[Records contained in a dataset]

--------

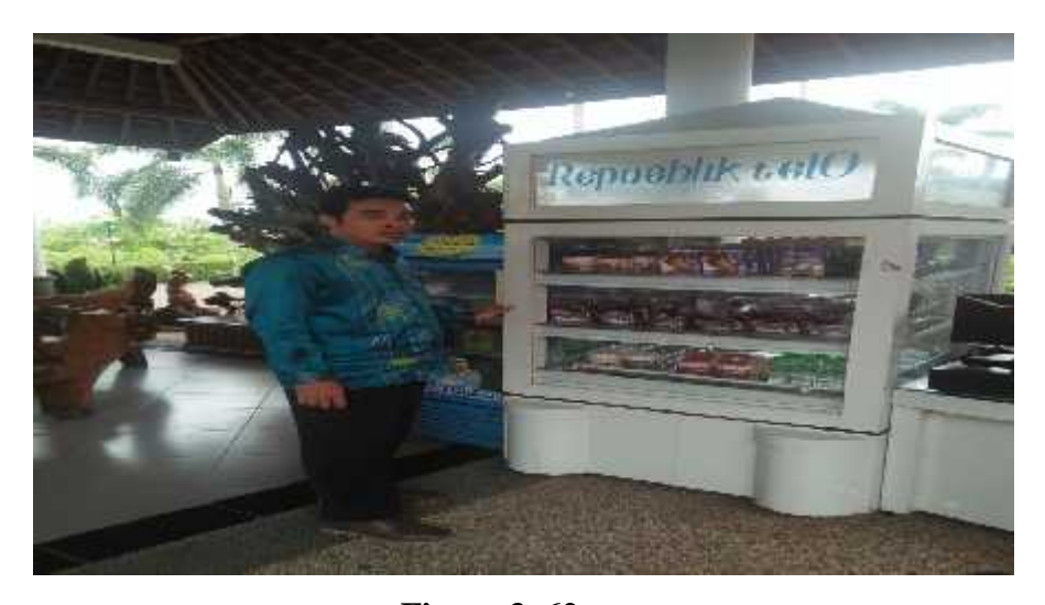
Figure 3. 62. Various Processed Telo

Since the previous government and continues until now. None of the policies are produced can reach what farmers need. Even political parties use farmers for their own benefit," said the man who won the 1996 National Level Pioneer Youth Award. Even if something changes according to Unggul, it is only limited to government actors. However, it did not effect on to improvement of farmers' dignity. "All this time farmers is only commanded to meet production targets such as, rice self-sufficiency program.
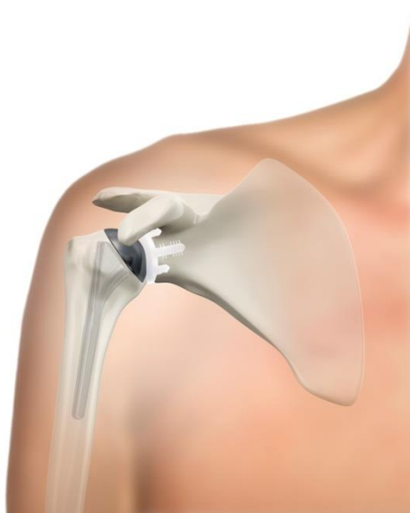
Figure 2. Anatomic Shoulder Replacement

With a reversed total shoulder replacement, the normal structure of the shoulder is “reversed.” The ball portion of the implant is attached to the scapula (where the socket normally is) and the artificial socket is attached to the humeral head (where the ball normally is) (Figure 3). This allows the stronger deltoid muscles of the shoulder to take over much of the work of moving the shoulder, increasing joint stability. A reversed procedure is use for patients with a severely torn and compromised rotator cuff. It is also commonly used in revision surgery cases.
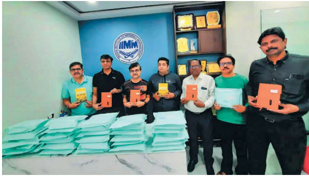
IIMM Aurangabad Branch has distributed 500 New year welcome kit to Materials Management professionals.

--------

#### TASK STATEMENT:
From the entries above, copy every line where the word "Figure" shows up.

#### RESULT:
Figure 3. 62. Various Processed Telo
Figure 2. Anatomic Shoulder Replacement
With a reversed total shoulder replacement, the normal structure of the shoulder is “reversed.” The ball portion of the implant is attached to the scapula (where the socket normally is) and the artificial socket is attached to the humeral head (where the ball normally is) (Figure 3). This allows the stronger deltoid muscles of the shoulder to take over much of the work of moving the shoulder, increasing joint stability. A reversed procedure is use for patients with a severely torn and compromised rotator cuff. It is also commonly used in revision surgery cases.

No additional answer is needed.